Lörrach

Gedenken mit Torarolle

Die zahlenmäßig eher kleine jüdische Gemeinde in Lörrach erlebt große Tage: Wie viele andere Gemeinden beging sie zum einen das Gedenken an die Pogromnacht. Am 9. November wurde mit einer Mahnwache und einer Gedenkfeier an die dramatischen Ereignisse vor 80 Jahren erinnert, welche sich damals auch in der deutschen Grenzstadt zur Schweiz abspielten.

»Viele Lörracher Bürgerinnen und Bürger waren bei dieser Feier dabei und halfen mit, sie auf diese Art und Weise in einem speziellen Rahmen zu gestalten«, sagt Gemeinderabbiner Mosche Flomenmann. Wichtig war dabei wohl auch, das Gedenken in die wöchentliche Schabbatfeier zu integrieren und so auch zu zeigen, dass jüdisches Leben der schlimmen Vergangenheit zum Trotz heute wieder Alltag ist und hoffentlich auch bleibt.

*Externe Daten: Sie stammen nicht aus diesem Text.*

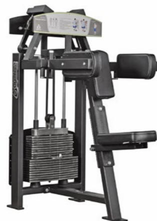
Shoulder Rotation Art.nr: 331

Length: 87 cm Width: 75 cm Height: 135 cm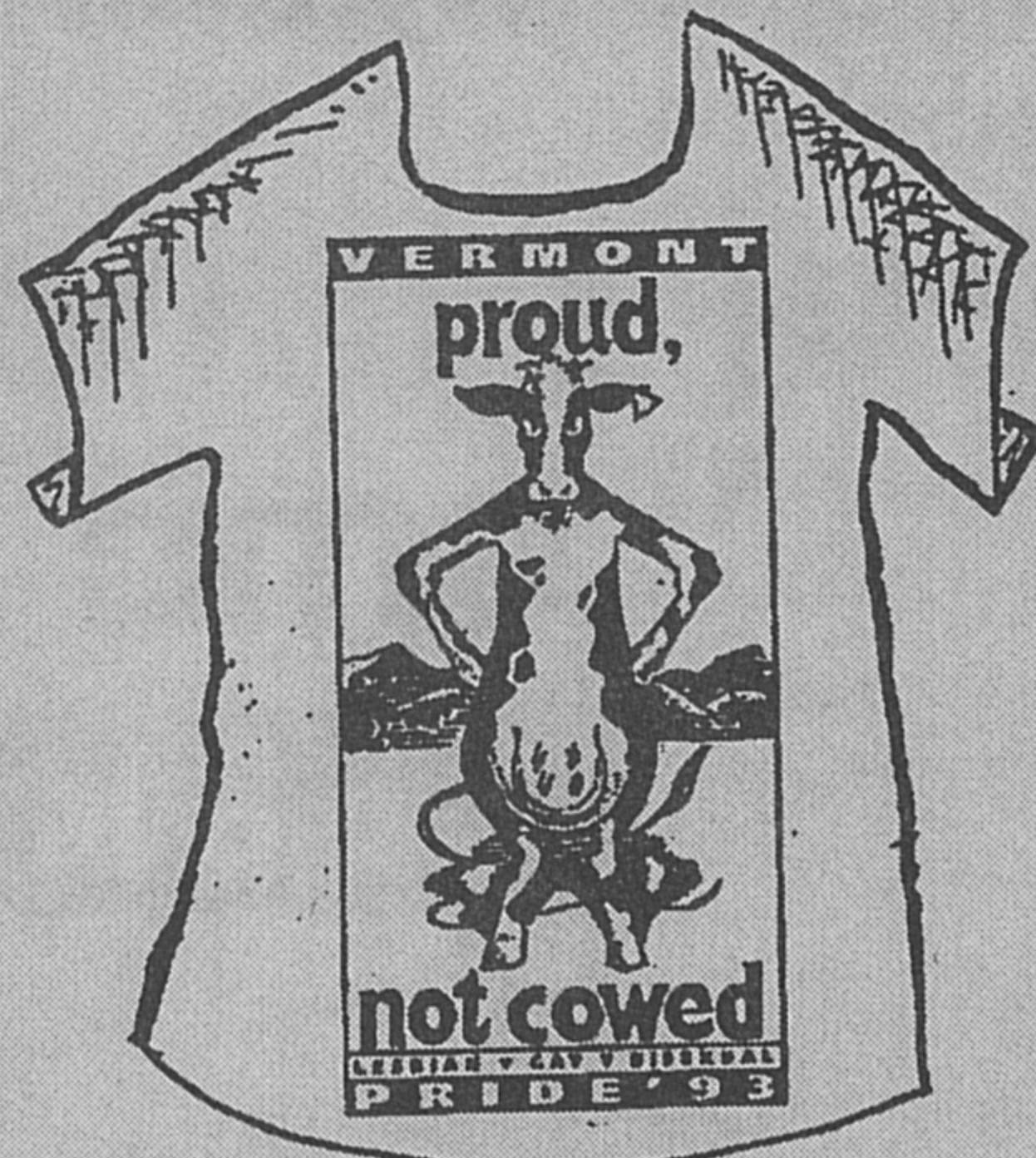
Designed by Alison Bechdel

Vermont Pride Day festivities will be June 26th in Burlington. Plan a float, or contingent. Join the marching band. Get involved! Call 802-862-6764 for more info.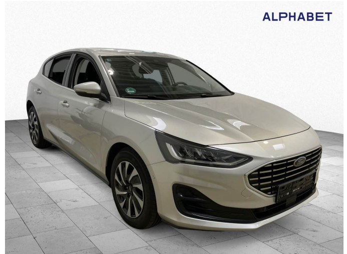
Figure 2: Diagonal front (right)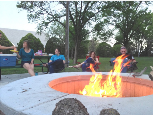
PCPF ~ Post College Pre Family gathering at the Tabor Church Park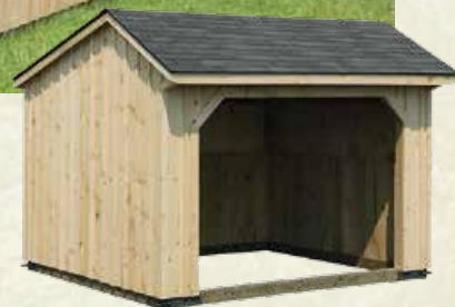
10' x 12' Run In Shed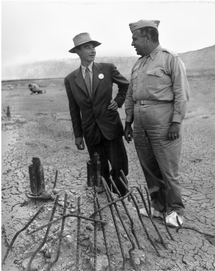
J. Robert Oppenheimer, Director of the Los Alamos Atomic Bomb Project with Major General Leslie R. Groves, Chief of the Manhattan Project. War and Peace in the Nuclear Age (PBS documentary).

The first test of the plutonium A-bomb took place while Truman, Churchill, and Stalin were meeting at Potsdam. The site was an area on the Alamogordo Bombing Range in southern New Mexico known as the Jornada del Muerto—Journey of Death. This name had been given to this region by the conquistadores. J. Robert Oppenheimer, the physicist leading the Manhattan Project, was inspired by a John Donne sonnet he had recently read to name the site and the test Trinity. The desert sand fused by the heat of the explosion became known as “trinitite.”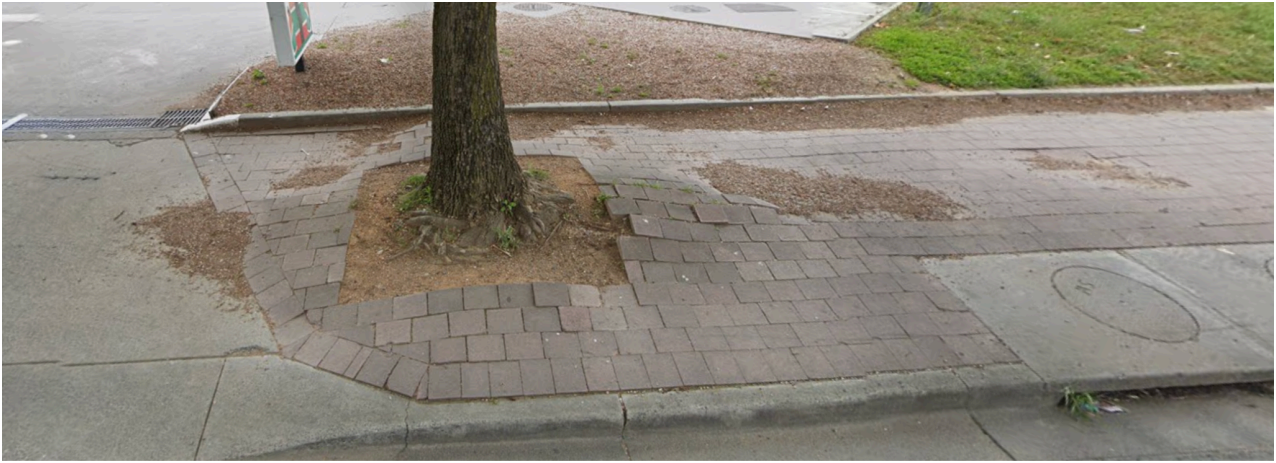
uneven footpaths along Cooyong Street, Braddon

Cooyong Street currently presents a visually unattractive and unwelcoming urban environment to residents and visitors that is not fitting for our national capital city. The unattractive vista presented when looking from Braddon to Civic in this area is not fitting for the CBD.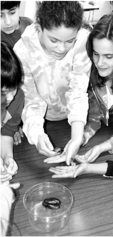
(Above) Sixth and seventh graders at Demarest Middle School learn about Rainforest animals and insects.

Thank you for supporting The Demarest Nature Center and nature education in 2007.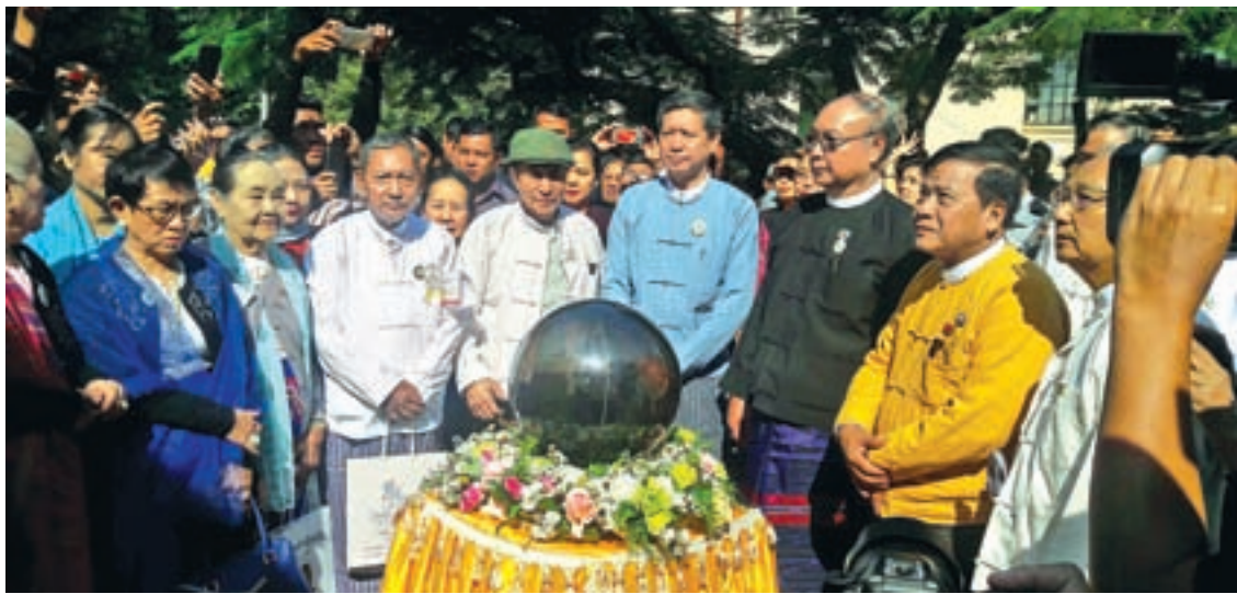
Speaker Mahn Win Khaing Than and Union Minister for Education Dr Myo Thein Gyi attend ceremony to open bronze statue of U Razak outside the Razak Hall of Mandalay University.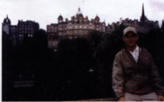
In Edinburgh, where the famous Edinburgh Castle is situated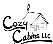
30x48 CHALET Plan #30CH1605

Ereignis Bereits einige Stunden vorher war allerdings einige Hundert Kilometer entfernt ein äußerst wichtiges Ereignis über die Bühne gegangen, welches die Gemeinde Lörrach ebenfalls betrifft, doch noch weit darüber hinausstrahlt.

In der baden-württembergischen Landeshauptstadt Stuttgart wurde nämlich eine Torarolle fertiggestellt. Eine Torarolle, welche die Gemeinde Lörrach aus Anlass des zehnten Jahrestages ihrer neuen Synagoge sowie des 350-jährigen Bestehens jüdischen Lebens im heutigen Baden-Württemberg hatte schreiben lassen. Im Landtag beendete Sofer Jaakov Josef Yudkowsky die letzten der insgesamt 304.805 Buchstaben – unter den Augen der Parlamentarierinnen und Parlamentarier, aber auch der Vertreter anderer Religionsgemeinschaften sowie der Kirchen.

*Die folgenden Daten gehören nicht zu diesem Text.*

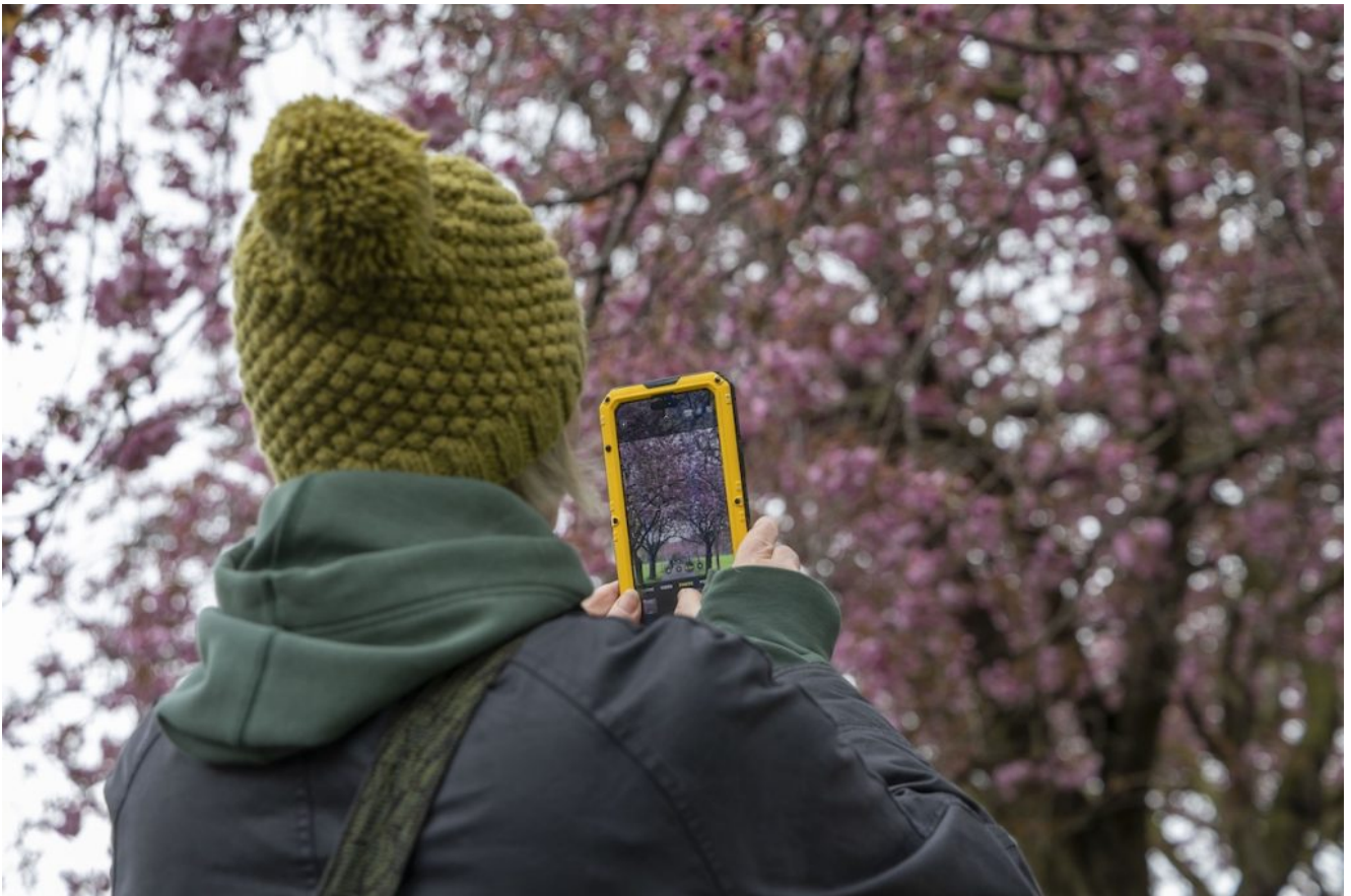
Blossom in The Meadows Picture Alan Simpson 15/4/2024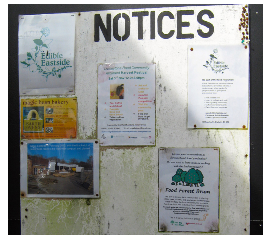
Image 5 - Notice board for sharing information, Edible Eastside, Birmingham. Photo: Susan Noori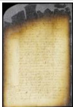
Ordinance to prevent frauds in the inspection of tobacco (NYSA_A1809-78_V08_0494)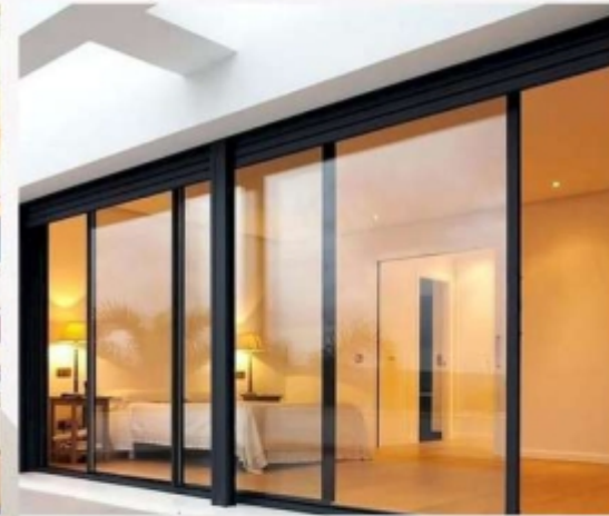
GLASS DOORS & HANDLES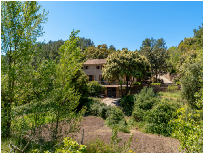
Wonderful finca with great privacy and 2 living units in the

Stellvertretend nahm auch die grüne Landtagspräsidentin Muhterem Aras die Feder in die Hand und schrieb einige Buchstaben. »Damit setzen wir ein gemeinsames Zeichen der wechselseitigen Verbundenheit und des Vertrauens«, sagte sie später dazu. Und fand auch ein Lob der Tora. »Ohne die Bewahrung und das Studium der Tora hätte das Judentum nicht überleben können«, lauteten ihre Worte.

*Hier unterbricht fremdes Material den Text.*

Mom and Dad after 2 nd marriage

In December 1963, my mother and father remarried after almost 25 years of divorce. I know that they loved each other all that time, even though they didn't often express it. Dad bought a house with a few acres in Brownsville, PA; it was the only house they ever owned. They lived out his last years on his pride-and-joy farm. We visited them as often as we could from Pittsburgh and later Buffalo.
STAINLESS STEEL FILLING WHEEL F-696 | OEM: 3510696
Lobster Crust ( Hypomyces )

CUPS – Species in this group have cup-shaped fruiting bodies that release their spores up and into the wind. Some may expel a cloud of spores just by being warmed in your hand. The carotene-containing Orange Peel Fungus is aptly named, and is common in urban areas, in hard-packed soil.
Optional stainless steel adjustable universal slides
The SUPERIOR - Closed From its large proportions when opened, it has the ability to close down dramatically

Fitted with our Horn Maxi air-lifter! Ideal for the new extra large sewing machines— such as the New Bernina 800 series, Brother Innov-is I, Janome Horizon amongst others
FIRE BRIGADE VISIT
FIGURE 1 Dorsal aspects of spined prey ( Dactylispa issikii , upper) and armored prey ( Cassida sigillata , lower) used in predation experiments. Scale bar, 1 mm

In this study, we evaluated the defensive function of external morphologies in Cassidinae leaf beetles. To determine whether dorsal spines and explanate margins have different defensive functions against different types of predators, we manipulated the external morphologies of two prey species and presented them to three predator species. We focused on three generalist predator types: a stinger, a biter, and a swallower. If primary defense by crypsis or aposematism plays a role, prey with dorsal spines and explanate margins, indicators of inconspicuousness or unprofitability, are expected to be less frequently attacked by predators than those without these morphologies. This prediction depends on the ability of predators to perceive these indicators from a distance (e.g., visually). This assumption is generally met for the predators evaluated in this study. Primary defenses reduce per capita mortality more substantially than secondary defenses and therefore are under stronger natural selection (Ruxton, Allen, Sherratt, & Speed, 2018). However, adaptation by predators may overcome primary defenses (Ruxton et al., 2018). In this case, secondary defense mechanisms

Zeremonie Muhterem Aras, die selbst türkischer Herkunft ist, durfte am Schluss der Zeremonie die Feder von Sofer Yudkowsky als Andenken mit nach Hause nehmen. Rabbiner Flomenmann betonte im weiteren Verlauf auch die Verbindungen und Beziehungen der abrahamitischen Religionen untereinander.
Auch Schüler einer Klasse der Anne- Frank-Gemeinschaftsschule aus Stuttgart-Möhringen nahmen an der Feier teil. Das sei anders und lebendiger als normaler Geschichts- oder auch Religionsunterricht, betonte die Lehrerin der Klasse.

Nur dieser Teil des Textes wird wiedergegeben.